Lowe’s Outdoor Bundle Scam Tricks Users with Fake Free Gift Emails

By Sean Doyle · · 9 min read

The Lowe’s Outdoor Bundle scam is an active and evolving phishing operation that impersonates the Lowe’s home improvement brand to steal personal and financial information. Victims receive professional-looking emails claiming they have been chosen to receive a “free EGO Power+ Ultimate Autumn Outdoor Bundle” or another high-value reward. The links in these messages redirect to fake survey sites that harvest data, install tracking scripts, and lure users into subscription traps or ad-fraud networks.

lowes email scam

This ongoing scam has been documented across multiple regions and mirrors patterns seen in other brand impersonation attacks, such as the Walmart iPad Pro scam and Target Rewards survey hoaxes. The operation uses short-lived, newly registered domains and Cloudflare masking to hide its infrastructure, with each domain active for only a few months before being replaced.
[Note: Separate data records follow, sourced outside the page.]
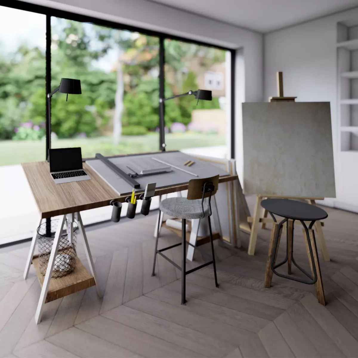 The model has material settings that define how surfaces look (color, shine, transparency, etc.).
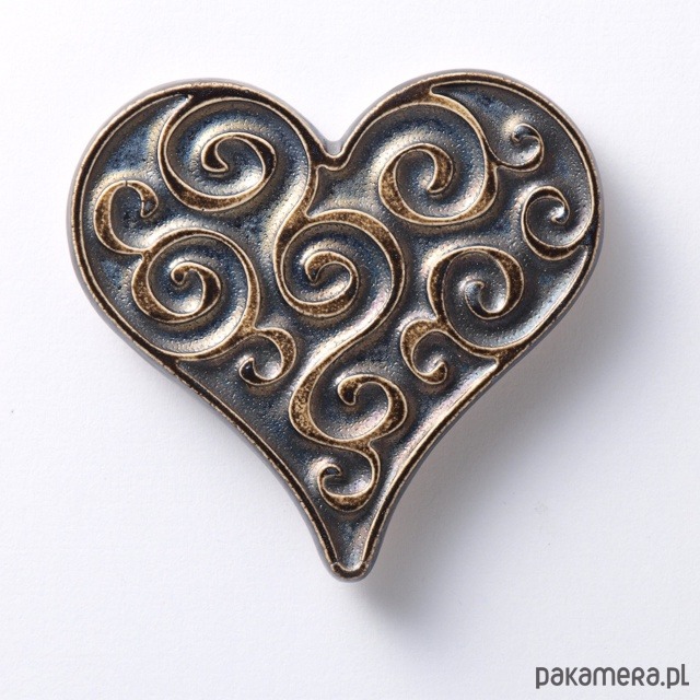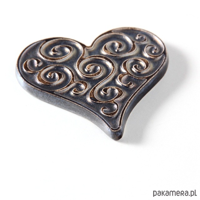 Ceramiczne, ornamentowe serce z naklejonym od spodu okrągłym magnesem. Wykonane z jasnej gliny, pokryte satynowym szkliwem.
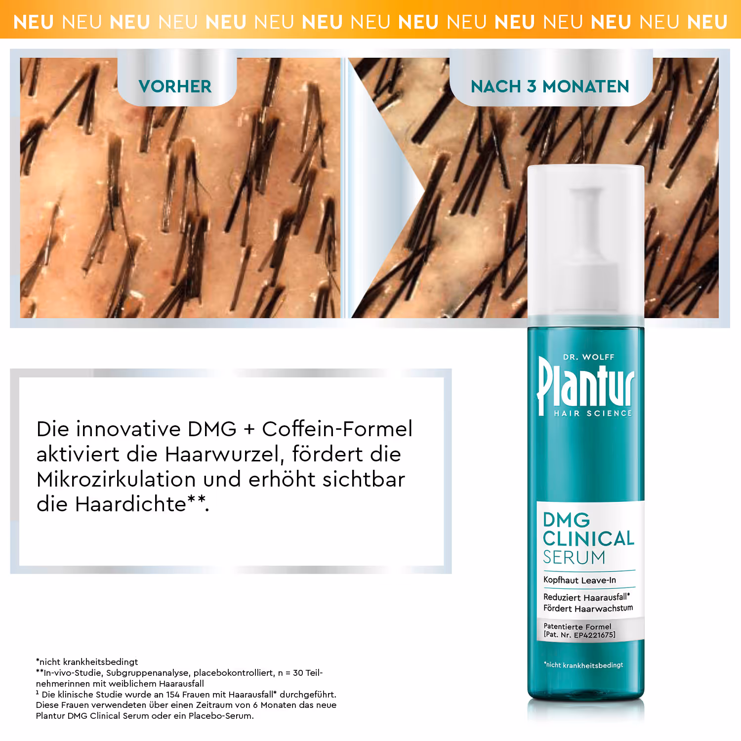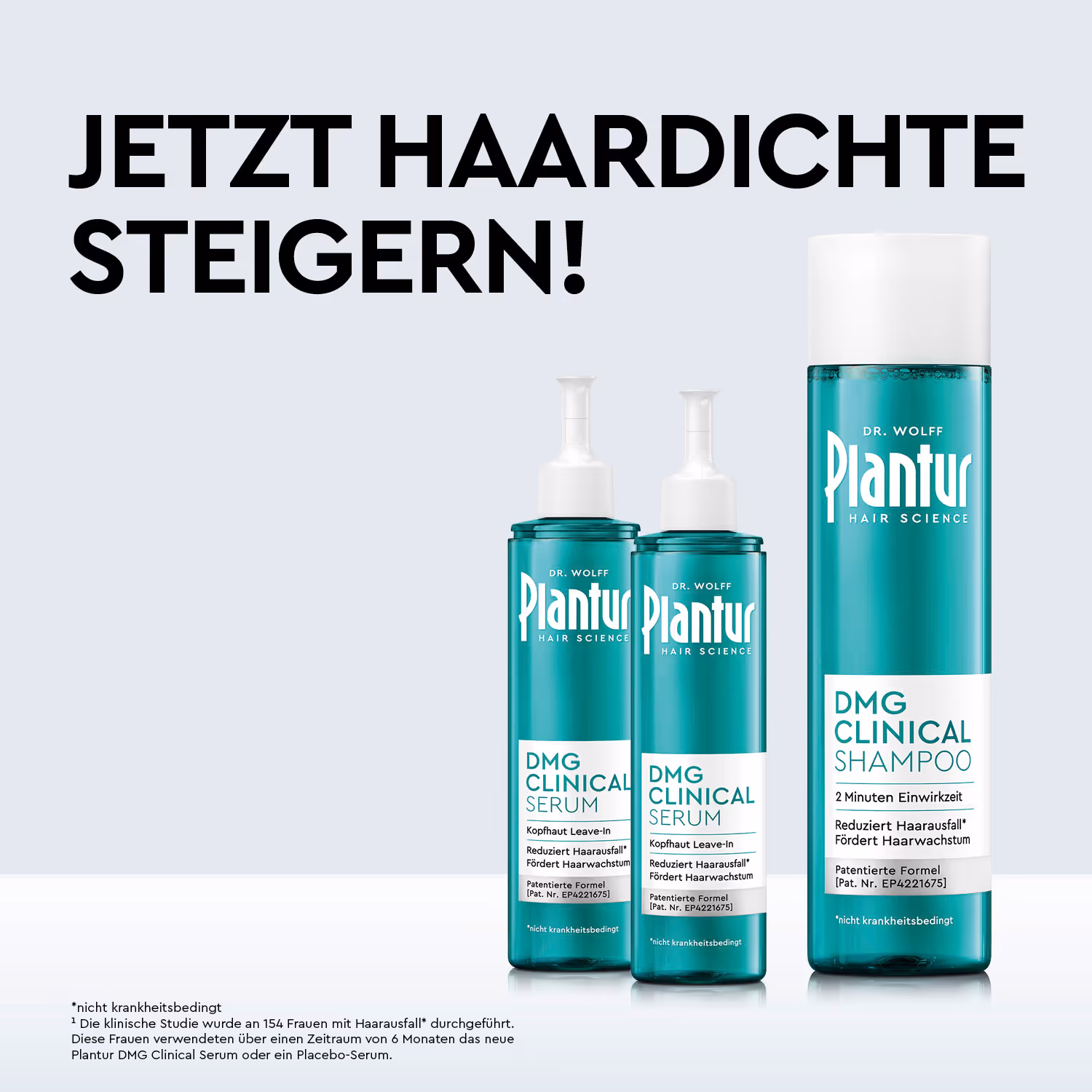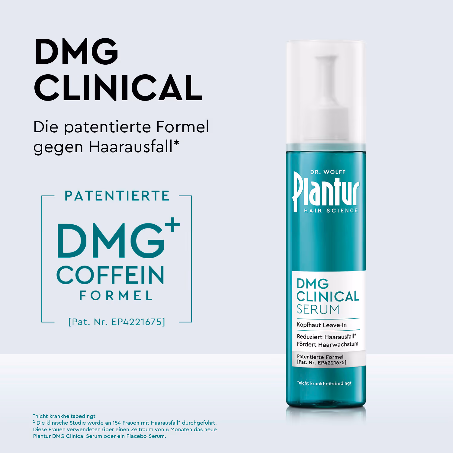¹ Die klinische Studie wurde an 154 Frauen mit Haarausfall* durchgeführt. Diese Frauen verwendeten über einen Zeitraum von 6 Monaten das neue Plantur DMG Clinical Serum oder ein Placebo-Serum.
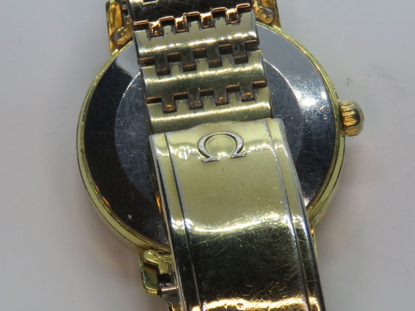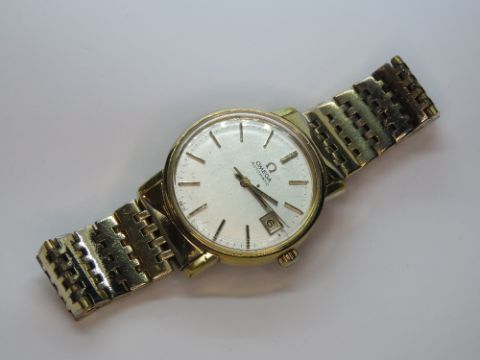 A vintage Omega Automatic gold plated wristwatch having silvered dial with date aperture, yellow metal hands and batons, on original strap.

How the Lowe’s Outdoor Bundle Scam Works

The lowes outdoor bundle scam relies on social engineering and urgency to push victims into interacting without thinking. Scammers send thousands of phishing messages per day through mailing lists and spam bots. These messages feature real Lowe’s logos and formatting, but every external link points to unrelated domains.

The structure of this scam typically follows a consistent pattern:

  1. Initial contact: The victim receives an email titled “Your Free EGO Power+ Outdoor Bundle Awaits” or “Lowe’s Customer Appreciation Giveaway.” The sender name reads as “Lowe’s” but the address is a fake domain such as offers@lowes-promos.com or support@lowes-surveys.store.
  2. Click bait: The message body contains professional-looking imagery and a large button labeled “Claim Gift” or “Start Survey.”
  3. Redirection chain: Clicking the button routes the victim through several tracking links hosted on suspicious servers. Each redirect appends encoded parameters designed to identify traffic sources and affiliates.
  4. Fake survey: The final destination displays a survey page styled like a legitimate Lowe’s customer feedback form. It includes four to six simple questions and a progress bar that creates the illusion of completion.
  5. Data theft: After the “survey,” victims are asked for their full name, address, and payment information under the guise of paying a small shipping fee to claim the free reward.
  6. Persistent exploitation: Many of these pages ask users to allow browser notifications. Approving this enables the scammer to send pop-up alerts that promote more fake offers long after the original page is closed.

Examples of Scam Emails

Recent phishing messages identified in the lowes outdoor bundle scam include the following samples:


From: "Lowe’s" <marketing@lowes-promos.net>
Subject: Your Free EGO Power + Ultimate Autumn Outdoor Bundle Awaits
Message: Name, your free gift won't wait! Click below and confirm your delivery details.


From: "Lowe’s Customer Service" <info@lowes-survey-center.store>
Subject: You’ve Been Selected! Claim Your Gorilla Carts Bundle
Message: Congratulations! You were selected to receive a free gift for your loyalty. Complete a short survey to claim your reward.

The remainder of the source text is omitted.